Hello dear friends.
Today I want to share a life story about how DWH storage was arranged in Tele2 before the introduction of QCD (EDW).
I entered the Tele2 IT department in 2012 in the reporting systems department. At that time, DWH repository was already created in the company, on which many reporting processes and not only were already spinning.
A little about the technical stack that was used there at that time. For storage, the Oracle database was used with a capacity of 60-100 Tb T4-4 server with 1 TB of operative. Data from various sources was downloaded there. But the main ones were 4 Oracle billing bases, which were essentially a charging platform. And there was a department that was engaged in supporting these databases and providing services. The separation of these bases was by macro-regions. Reason: volumes are too large. That is, if a subscriber calls, say, from a Moscow SIM card, then the call cost is calculated in the corresponding billing.
The top-end hardware always went to billing databases, and resources were allocated to the rest of the systems according to the residual principle. Usually for DWH, the server always got a little weaker. Those. at billing there is a piece of iron T5-4, then at DWH - T4-4 in inheritance.

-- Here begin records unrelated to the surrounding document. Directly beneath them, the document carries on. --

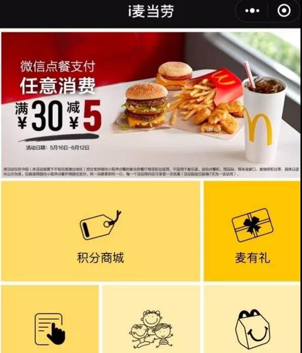例如,麥當勞使用積分兌換來提高用戶粘性。麥當勞小程序本身就具有品牌優(yōu)勢,自然是市場上使用次數(shù)較高的一款餐飲類小程序。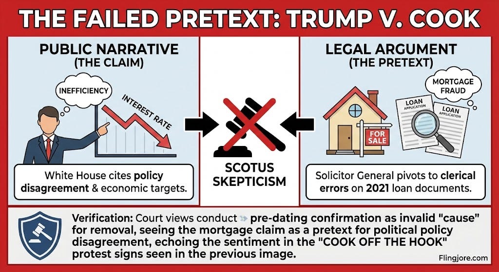 While the White House has publicly criticized Cook for “inefficiency” regarding interest rate policy, the Solicitor General’s arguments in court pivoted to a narrower, conduct-based claim: allegations of mortgage fraud pre-dating Cook’s appointment.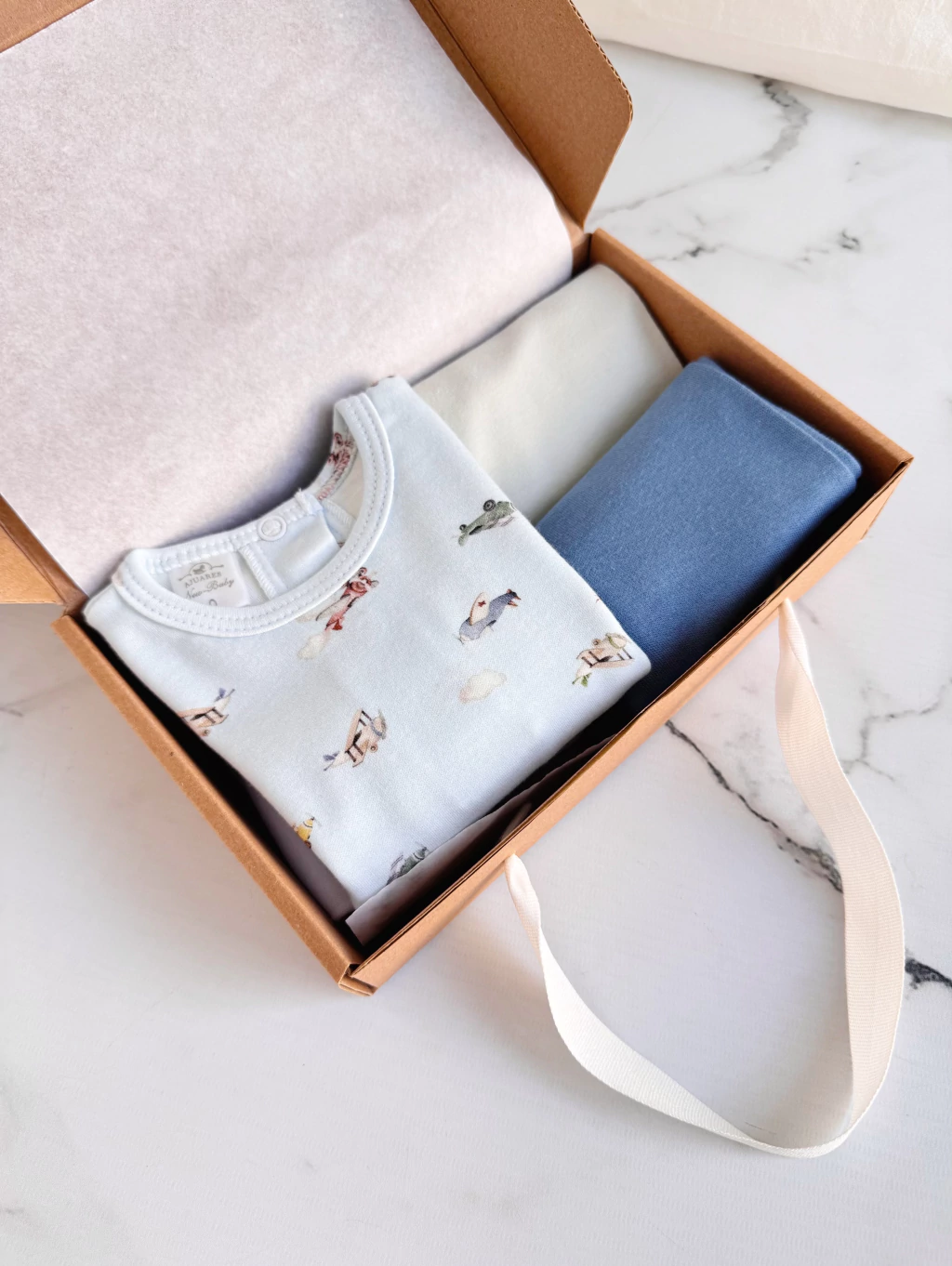 El Pack es presentado en Caja Kraft, envuelto en papel de seda con moño y tarjeta al tono. La presentación del regalo de nacimiento es hermosa!!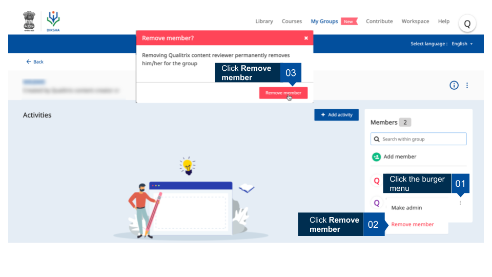 Group administrators can remove members from the group. This page provides step-by-step instruction on how to remove members from a group

But these resources have always been enough to cover current tasks and curtail reporting. Data from billing was downloaded via DB-link. Classic ETL processes were configured when nightly data downloads took place with small transformations (for example, adding surrogate keys). ETL was of 2 types: full load for small volumes and incremental for large tables such as, for example, call details, charges, payments, etc. There was also such a large source as text files that download call information and Internet traffic from switches and base stations. Data is loaded as text files using oracle sql loader loaders. The increment to the base was usually 10-20 GB per day.
Partitioning tables, indexes, optimizing query plans, hinting in DWH had to be used constantly. There was not a day without hanging or long-playing sessions in which it was necessary to climb into the request plan.

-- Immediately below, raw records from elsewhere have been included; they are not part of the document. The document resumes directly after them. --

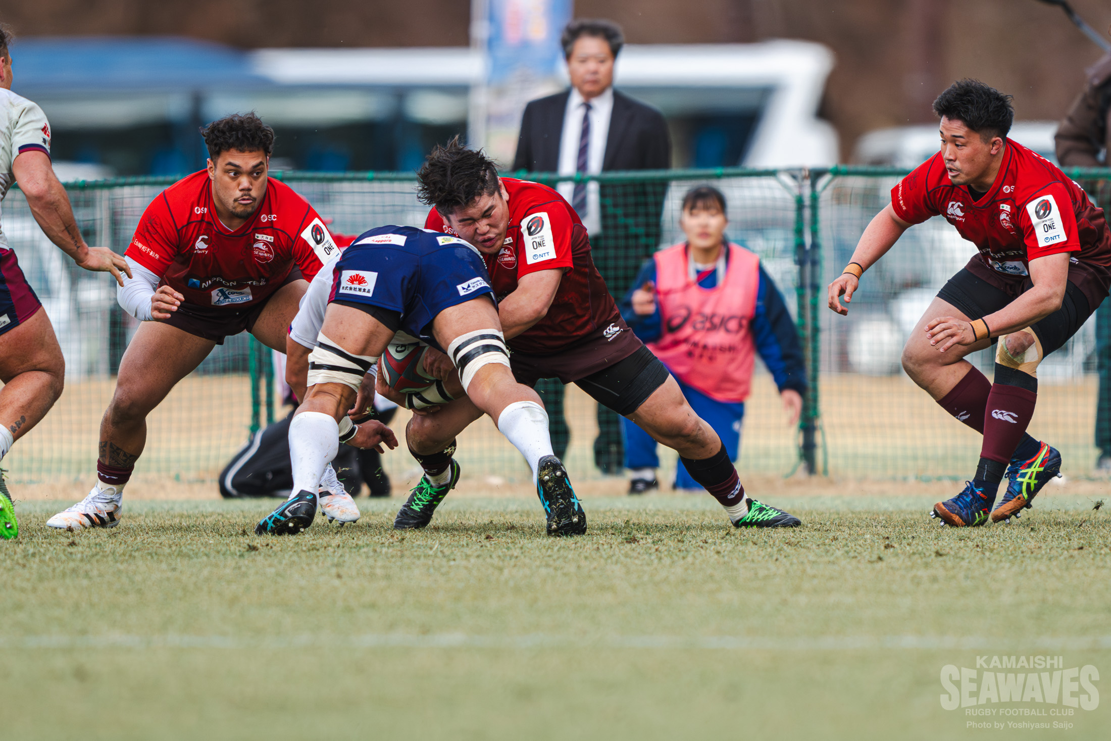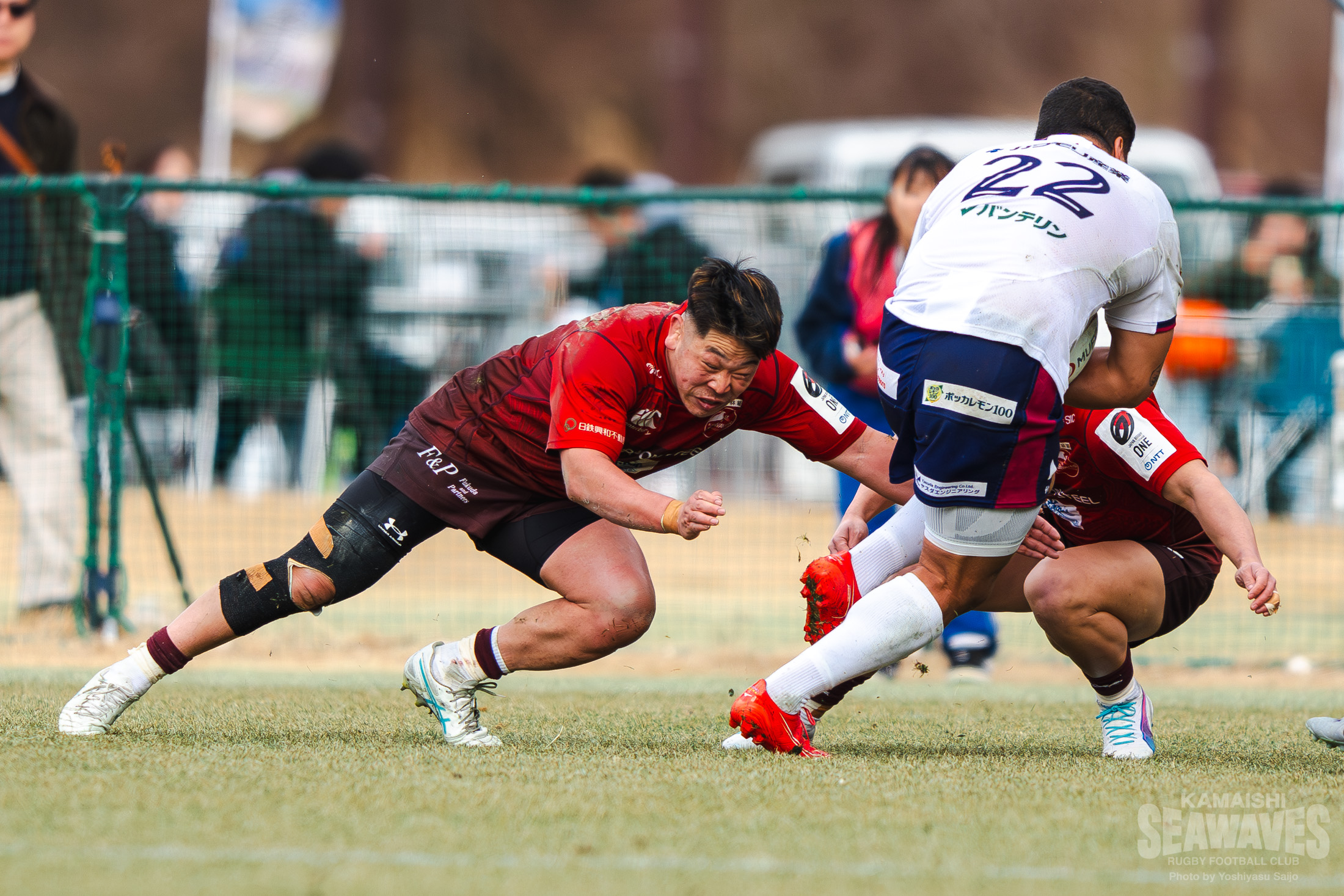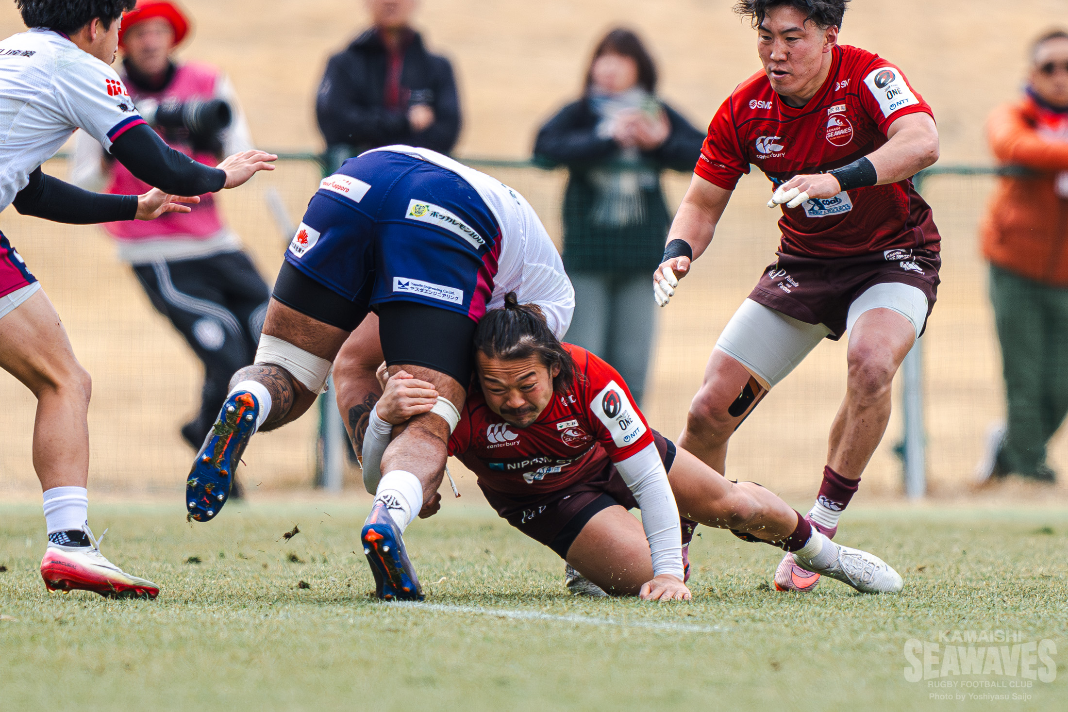 天候は晴れ。しかし、三陸沿岸特有の強い風が吹き、時折小雨やあられも降る難しいコンディションの中で試合が始まりました。花園Lのキックオフでスタートすると、ボールはダイレクトでタッチラインを割り、スクラムで再開となります。最初のスクラムは互いにがっちりと組み合い、釜石SWはキックでエリアを前進。左に展開してゲインラインを突破しますが、ここはターンオーバーを許します。それでも相手陣内でのディフェンスでプレッシャーを掛け、立ち上がりから果敢なディフェンスをみせます。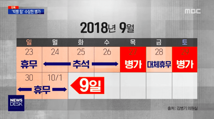 《MBC新闻台》报道了TOP的工作日历,发现他的病假天数比同事多得多,而且大多安排在其他休息日之前或之后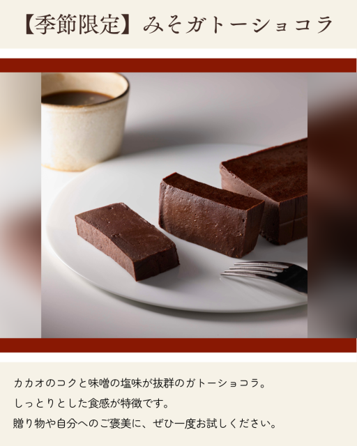 ~2/5(木)14:00までの期間中に、NSGグループの X または Instagram で応募していただいた方の中から抽選で3名さまに、くらざしきスイーツの『みそガトーショコラ』をプレゼントいたします。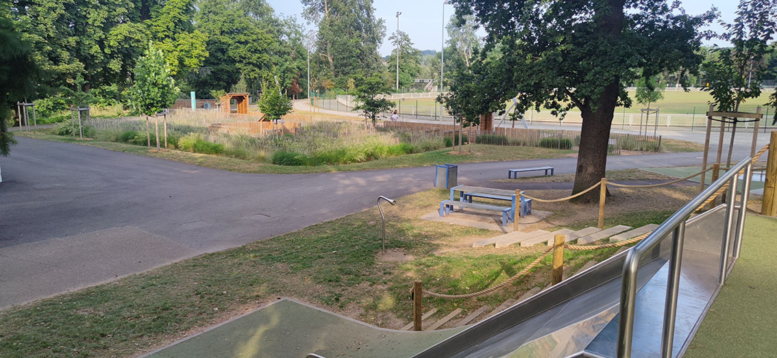 - Créer un lien avec le parc Bécot avec l’insertion de jeux dans la pente et la mise en place d’un labyrinthe végétal,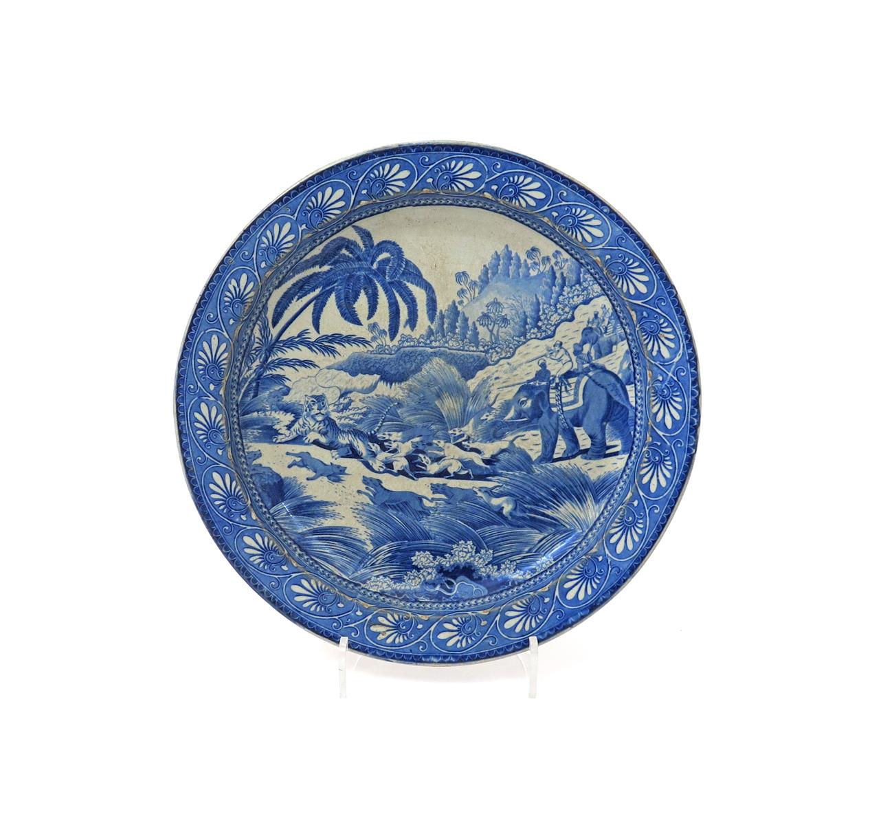 A large blue and white transferware circular dish or stand 1st half 19th century, depicting a tiger hunt, the unfortunate cat being set upon by a pack of hounds, while a figure on the back of an elephant fires his gun, within a scrolling Greek palmette border, some wear, 36.5cm.

The DWH storage structure in Tele2 prior to the introduction of EDW.
Also, one of DWH's main tasks was to generate monthly financial statements (ETFs). It was considered on the DWH server for 4 whole days due to the large volumes. To imagine what it is, I’ll say that this is an Oracle package of 5 thousand lines of PL / SQL code with complex ornate logic and all this is minimized in dynamics. And then the report is uploaded to FTP or to a network share in the form of CSV files. And all this without the use of boxed solutions. Those. hand written, optimized and automated functionality over the years.
But the DWH database was used not only to provide regular reporting but also as an operational storage. For example, it revolved around the process of providing different information to subscribers from a personal account on the Tele2 website.
It is also worth talking separately about the Oracle Application Express (APEX) system, which has a special place for reporting. APEX is an environment for the rapid development of WEB interfaces, either for reporting or for setting up a business process. On it was created, by hand, written functionality "Report upload", where users could create a report for themselves. Those. a person comes in, selects a set of fields for his report, if desired, he can pull the source as an excel file, and then he receives a report to the mail in the form of an archived csv file. And inside DWH, a huge number of PL / SQL procedures and functions are written which were essentially a built-in script generator for reports. Moreover, this tool was so popular within the company that over 8 years more than half a million reports with varying degrees of importance were generated on it.
APEX has also developed a lot of other interesting things. For example, hand written functionality for workflow and marketing automation system. In the first, the staff endorsed the documents. And secondly, the marketing department held various events for customers. For example, he performed mass SMS distribution to subscribers about new tariffs and services. And all this went through DWH and there was integration with the SMS channel.
Plus, a couple of reporting systems such as Crostal Reports and IBM Lotus connected to DWH via RPT files.
In the attached diagram above, you can see the old DWH repository structure and data flow for 2012. With the structure at present, it has nothing to do.
All this more or less successfully worked until the moment when the business realized that reporting was no longer enough and decided to implement QCD, BI-systems and BigData.
In general, there was a lot of interesting things. Perhaps I will dwell on this. See you soon.